A couple of months ago I saw the film La Famille Bélier, which has been a huge hit in France:
It’s a fantastic coming of age story which follows the story of Paula, a 16-year old girl who has spent her whole childhood supporting her deaf family and running the family business. She discovers her talent for singing and eventually wins a prestigious scholarship to train in Paris, but this story is sadly somewhat spoilt by the inclusion of a bland boyfriend. This boy lacks drive and ambition and also, crucially, the ability to be kind and loyal to Paula in the early stages of the film. The end credits are accompanied by a selection of photos of the two of them in Paris, but it’s her story, not their story; in fact his presence adds nothing to the story. This reinforces the commonly held belief it’s impossible to be happy without a partner and prompted me to dedicate a section of my year abroad scrapbook to my Selfie Project. The Selfie Project began life as a joke between me and a couple of friends, however it quickly took on new meaning when I realised that the photos of me enjoying some time alone were representative of one of the most important things you could learn on your year abroad and in life in general: that you should feel comfortable alone and that sometimes this is preferable to being with others.
Treats for one
As a dual linguist, I’ve moved around a lot: by the end of the year I’ll have lived in three different places in France, as well as having spent two university semesters in Germany. I quickly became used to the constant upheaval and ended up making good friends in each place, although it’s understandable to worry about this and to feel unsettled at first. The main purpose of your year is obviously to improve your language skills and immerse yourself in the local culture, so it makes sense to meet as many people as possible to help facilitate this. However, don’t panic if you don’t instantly make a huge group of friends or meet the love of your life. I’ve found that I’ve learnt so much through studying, working, yoga classes, language exchanges, volunteering, cultural events, travelling, reading, and watching the world around me. If you go out and look for it, you’ll always find someone or something which can help you improve.

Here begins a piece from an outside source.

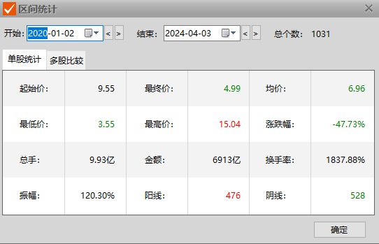 Choice数据显示,2020年1月2日至2024年4月3日,世纪华通股价累计下跌47.73%。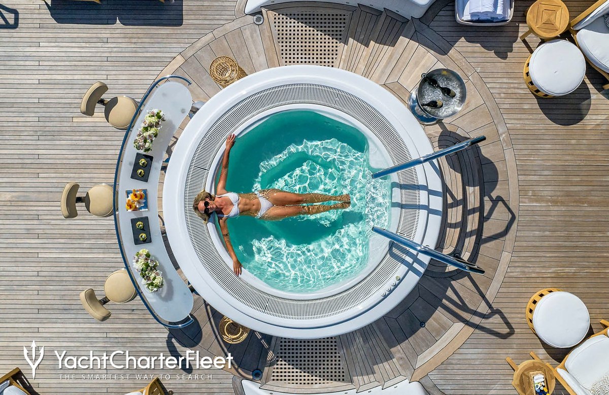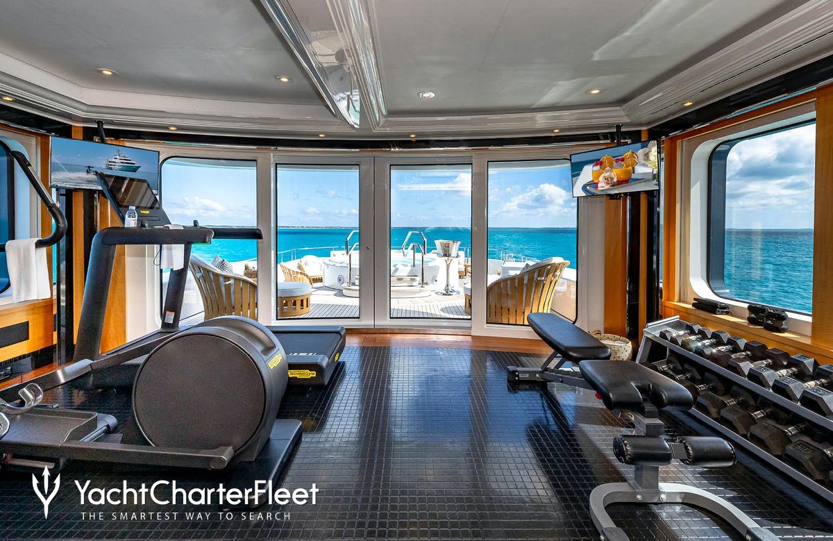 A charter on Lunaris is comfortable and convenient thanks to the provided amenities including a gym with all the latest equipment to maintain your fitness routine. Sit back with a glass of champagne in the deck jacuzzi.

Don’t worry if you end up alone on a frequent basis in spite of constantly making an effort to fill your diary, this is only to be expected when you move so far away. Luckily I’ve always enjoyed my own company, but I know that not everyone is this way inclined, so here are some tips for embracing this state and making the most of the periods of solitude.
Don't be scared of your own shadow!
1. You can do, see, and eat whatever you want.
You can’t find anyone else who wants to see that obscure horror film, or visit Luther’s hometown? Well don’t let it stop you, go alone and you might even meet someone who shares your passion. Going alone is far better than not going at all, and other people probably won’t even notice. Even if they do, you’ll probably never see them again and they’re most likely secretly wishing they had the courage to go it alone too. I’ve been all over Luxembourg, the Dordogne, and the Loire Valley by myself and wouldn’t have had it any other way.
2. You notice more.
Go for a solo skate at the ice rink and you’re far more likely to overhear snippets of conversation and useful vocabulary, and to glean tips from other skaters. When travelling, you’re also more likely to spot quirky shops, cafés, and galleries than if you were in a group.
Solitude and peace in Montaigne's study
3. You can develop your own interests.
Instead of sitting staring at Facebook during your downtime, you can paint, read, cook, write, or try out a new sport or class – the world really is your oyster.
4. Learn to appreciate yourself
It sounds clichéd, but spending time alone means that you have to actively engage in finding yourself, appreciating this self, and learning to love this self. It’s exciting.
5. There will be lonely times.
I would be lying if I said there weren’t. You’re in an unfamiliar place, lack an obvious support network, and a simple task such as booking a doctor’s appointment can be enough to reduce you to tears when your laptop’s broken, you keep getting lost, and your German bank account still isn’t open. But you will get through this. As Kafka rightly said, your friends (and family) are like stars, always there, even if you can’t see them. Think about this and you’ll feel stronger, remember all the great things about you, and then be able to tackle these hurdles alone. It might seem as though your fellow year abroaders have got a huge new group of friends… it’s highly likely that they’ve latched on to the first group of people they could find, probably English-speaking, to avoid being alone. They may look like they’re having the time of their life on Facebook, but in reality, they could be feeling empty and lonely. Once you’re happy with your own company and situation (there’s always something to be happy about, be it a letter from home, a presentation that went well, or the beautiful view from your window), exciting, fulfilling new friendships will follow, which you’ll be able to appreciate more.
Never forget that you’re the lead role in your own story, so your year abroad is first and foremost for you and can be anything that you want it to be.